#### [TASK INSTRUCTIONS]
Within the entries below, please return exactly the lines from the one with "Au travers du" through the one with "Golden Goose ‘Hi-Star’", leaving out any pictures.

#### [EXERCISE MATERIAL]
▼
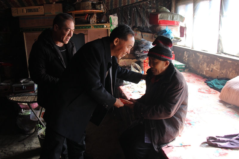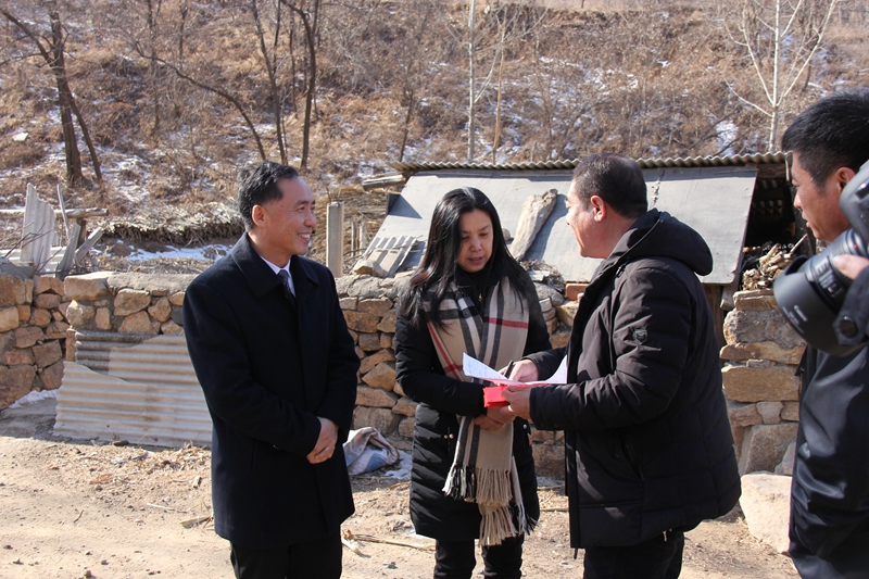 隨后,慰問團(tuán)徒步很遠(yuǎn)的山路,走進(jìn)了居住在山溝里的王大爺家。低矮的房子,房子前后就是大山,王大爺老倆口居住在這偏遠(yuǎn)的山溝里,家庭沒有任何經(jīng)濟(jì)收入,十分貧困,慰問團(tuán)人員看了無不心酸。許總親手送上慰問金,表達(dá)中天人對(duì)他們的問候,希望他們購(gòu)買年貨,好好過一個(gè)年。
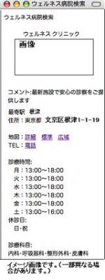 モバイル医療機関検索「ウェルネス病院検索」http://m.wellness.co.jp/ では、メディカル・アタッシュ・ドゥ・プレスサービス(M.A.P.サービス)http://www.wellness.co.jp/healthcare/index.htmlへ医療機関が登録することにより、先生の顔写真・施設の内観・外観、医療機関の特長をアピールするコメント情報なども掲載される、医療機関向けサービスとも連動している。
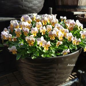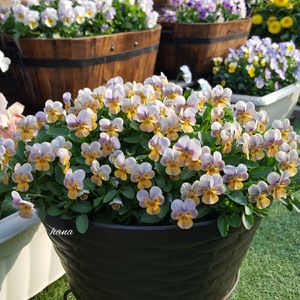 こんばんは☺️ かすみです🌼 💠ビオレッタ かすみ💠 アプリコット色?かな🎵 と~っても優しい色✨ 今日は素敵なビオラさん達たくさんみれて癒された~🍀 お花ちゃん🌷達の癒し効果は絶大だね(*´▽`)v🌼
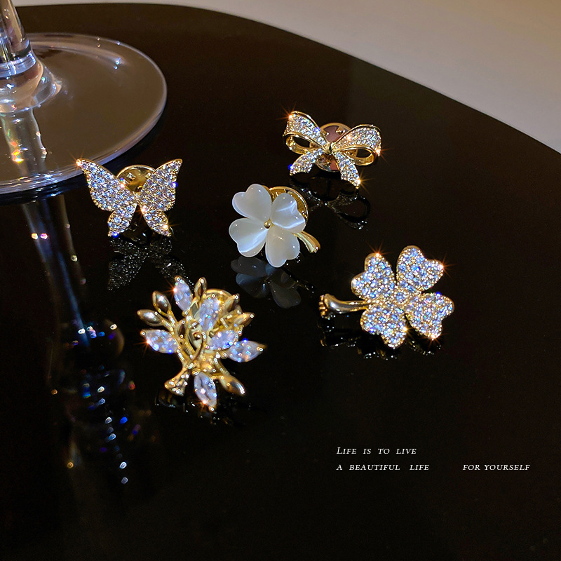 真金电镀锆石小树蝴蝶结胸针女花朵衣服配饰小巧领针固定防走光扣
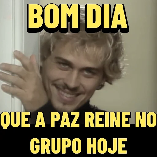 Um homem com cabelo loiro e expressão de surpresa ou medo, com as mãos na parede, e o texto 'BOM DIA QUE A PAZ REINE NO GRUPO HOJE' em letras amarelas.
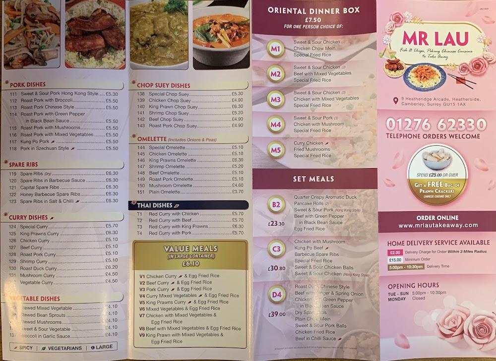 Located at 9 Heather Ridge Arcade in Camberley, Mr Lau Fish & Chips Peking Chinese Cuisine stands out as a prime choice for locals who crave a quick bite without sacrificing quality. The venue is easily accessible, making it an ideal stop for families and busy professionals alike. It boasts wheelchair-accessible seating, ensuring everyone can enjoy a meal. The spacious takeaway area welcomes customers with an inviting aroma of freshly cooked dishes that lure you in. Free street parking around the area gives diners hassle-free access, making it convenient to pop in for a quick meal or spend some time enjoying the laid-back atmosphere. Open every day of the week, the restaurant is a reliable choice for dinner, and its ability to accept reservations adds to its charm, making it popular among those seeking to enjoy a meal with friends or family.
▲
▼
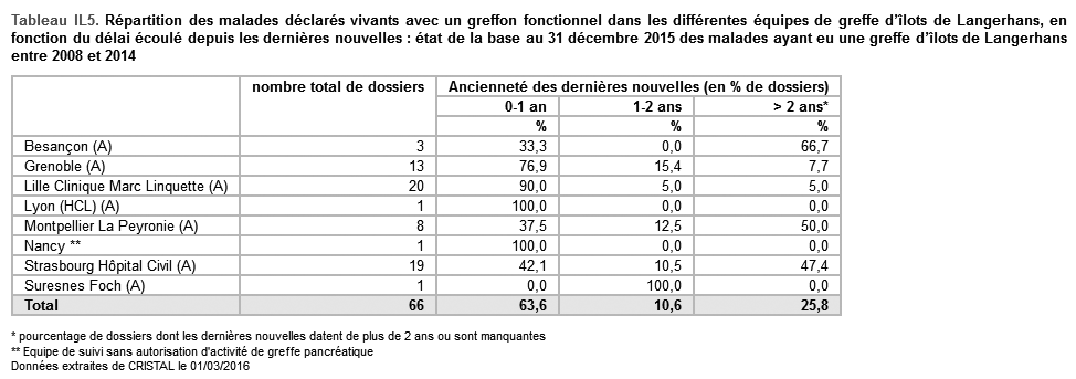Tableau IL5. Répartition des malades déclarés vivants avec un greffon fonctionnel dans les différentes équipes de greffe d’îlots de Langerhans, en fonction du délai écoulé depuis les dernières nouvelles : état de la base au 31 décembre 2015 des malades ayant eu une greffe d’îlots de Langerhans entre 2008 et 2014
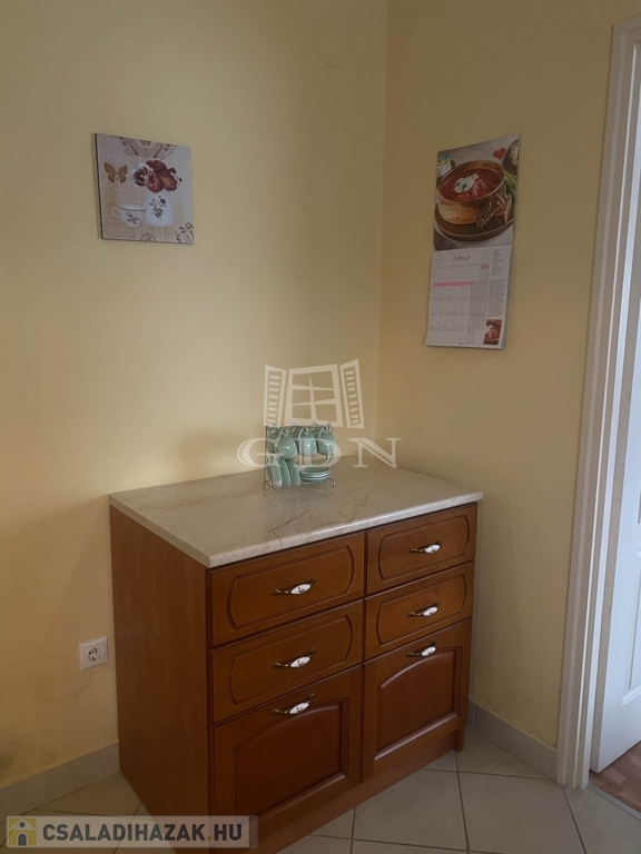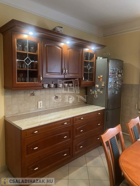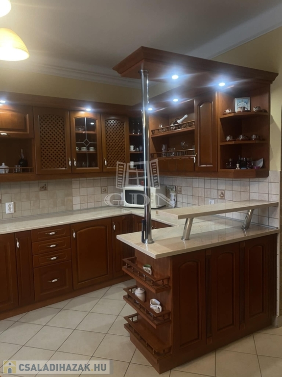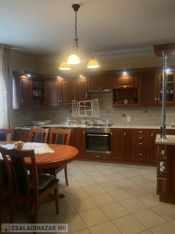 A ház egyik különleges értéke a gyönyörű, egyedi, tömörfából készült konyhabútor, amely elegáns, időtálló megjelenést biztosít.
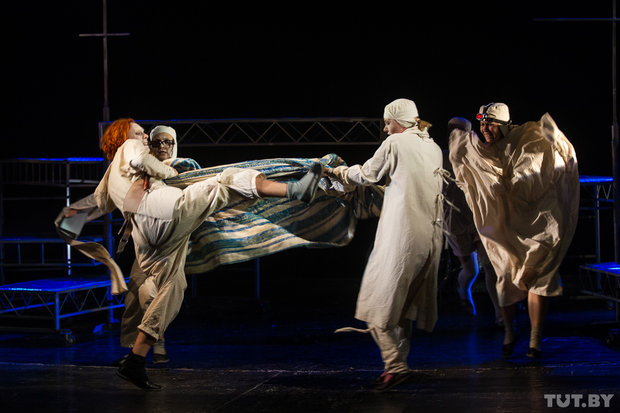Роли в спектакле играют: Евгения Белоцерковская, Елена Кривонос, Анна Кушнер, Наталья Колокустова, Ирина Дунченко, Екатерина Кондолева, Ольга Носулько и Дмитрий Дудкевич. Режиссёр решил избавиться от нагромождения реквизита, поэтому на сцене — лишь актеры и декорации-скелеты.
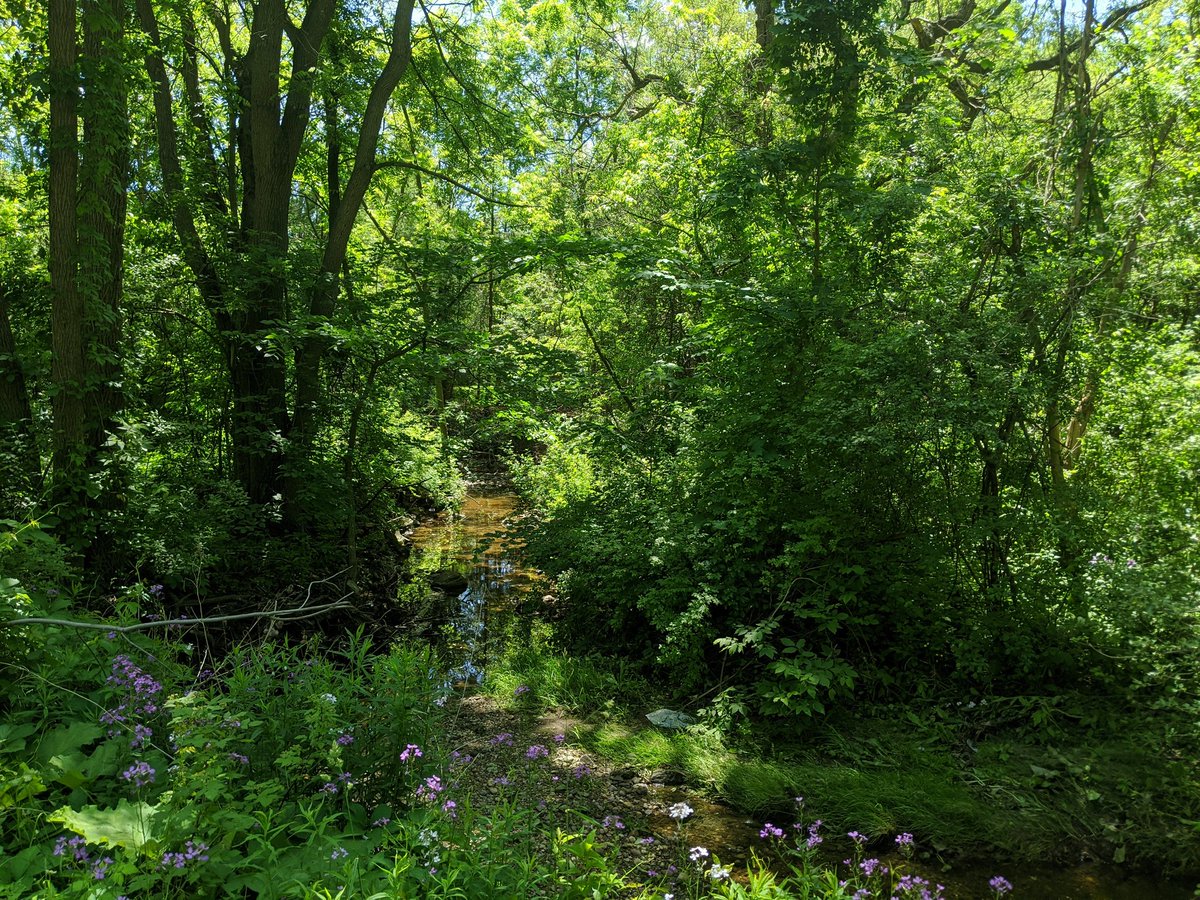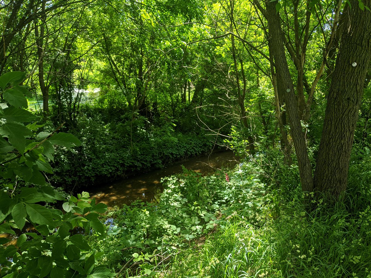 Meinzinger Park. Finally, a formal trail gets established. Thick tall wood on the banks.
▲
▼
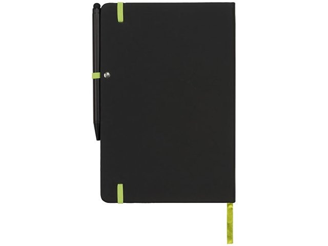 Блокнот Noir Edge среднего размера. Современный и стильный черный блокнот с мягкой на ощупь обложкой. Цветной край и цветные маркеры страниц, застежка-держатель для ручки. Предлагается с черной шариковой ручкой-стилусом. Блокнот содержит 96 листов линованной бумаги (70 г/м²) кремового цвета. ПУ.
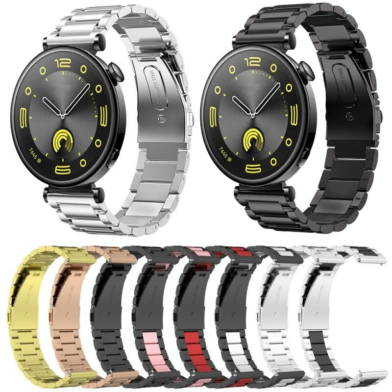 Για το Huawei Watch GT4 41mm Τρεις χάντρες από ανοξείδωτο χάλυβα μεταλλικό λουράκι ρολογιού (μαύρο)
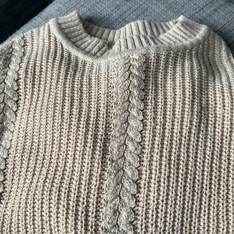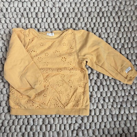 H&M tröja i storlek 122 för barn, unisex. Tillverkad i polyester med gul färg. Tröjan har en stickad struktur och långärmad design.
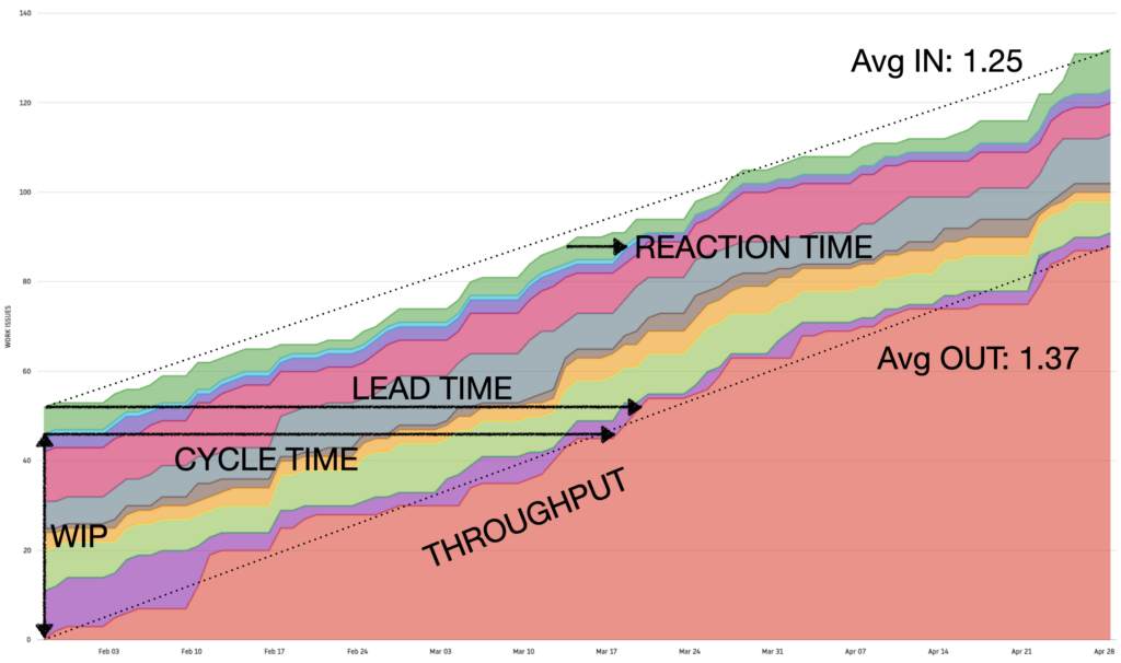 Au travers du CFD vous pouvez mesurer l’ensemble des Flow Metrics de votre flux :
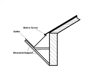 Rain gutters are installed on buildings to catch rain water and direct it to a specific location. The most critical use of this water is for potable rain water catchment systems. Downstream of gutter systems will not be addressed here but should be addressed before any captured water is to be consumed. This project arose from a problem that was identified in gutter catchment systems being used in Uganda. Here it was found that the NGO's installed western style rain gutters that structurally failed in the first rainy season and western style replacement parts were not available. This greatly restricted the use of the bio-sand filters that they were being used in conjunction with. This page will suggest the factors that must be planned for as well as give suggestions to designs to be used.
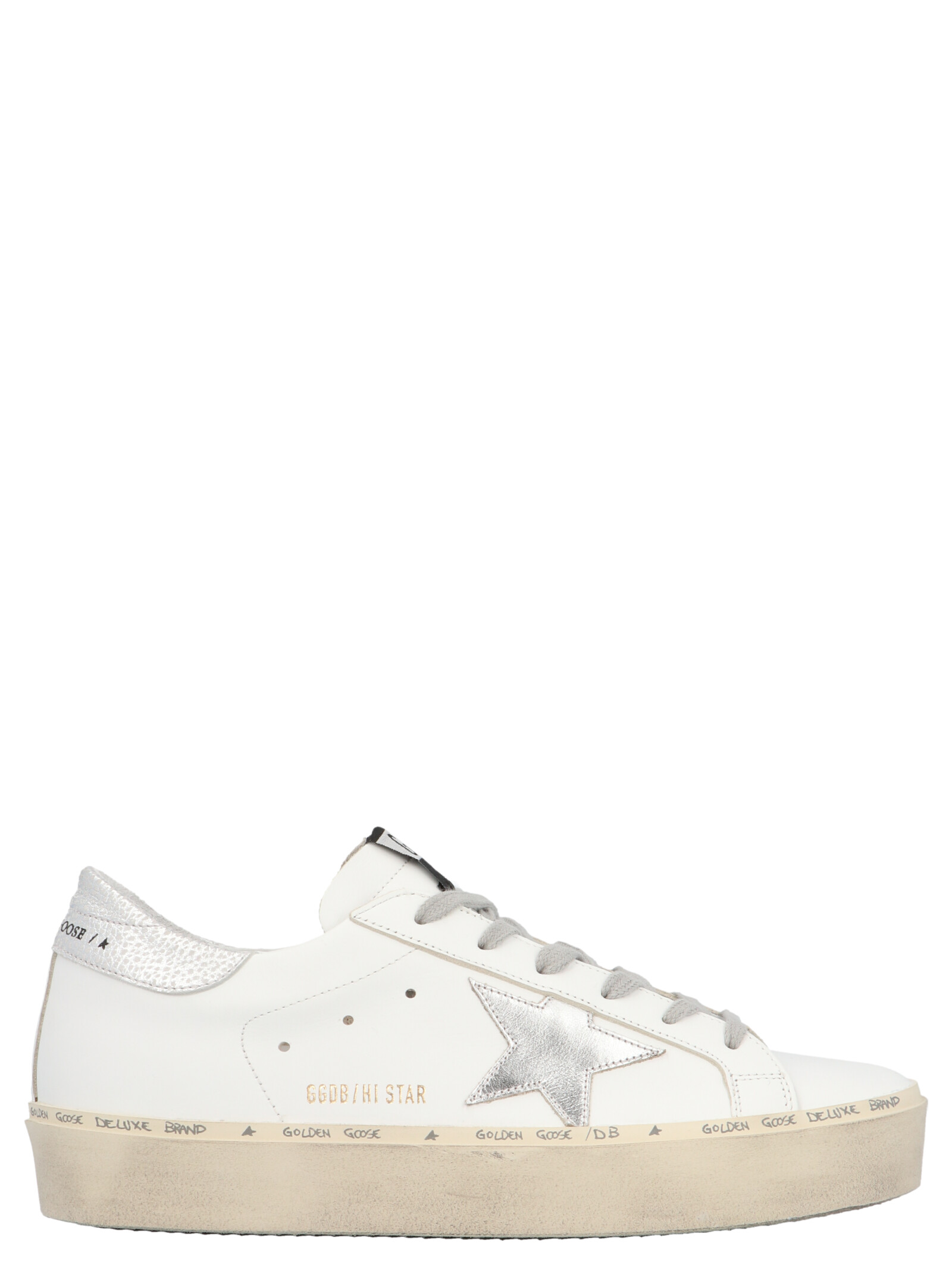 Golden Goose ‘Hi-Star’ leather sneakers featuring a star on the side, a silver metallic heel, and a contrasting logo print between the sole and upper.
▲
#### [ANSWER TO THIS TASK]
 Au travers du CFD vous pouvez mesurer l’ensemble des Flow Metrics de votre flux :
 Rain gutters are installed on buildings to catch rain water and direct it to a specific location. The most critical use of this water is for potable rain water catchment systems. Downstream of gutter systems will not be addressed here but should be addressed before any captured water is to be consumed. This project arose from a problem that was identified in gutter catchment systems being used in Uganda. Here it was found that the NGO's installed western style rain gutters that structurally failed in the first rainy season and western style replacement parts were not available. This greatly restricted the use of the bio-sand filters that they were being used in conjunction with. This page will suggest the factors that must be planned for as well as give suggestions to designs to be used.
 Golden Goose ‘Hi-Star’ leather sneakers featuring a star on the side, a silver metallic heel, and a contrasting logo print between the sole and upper.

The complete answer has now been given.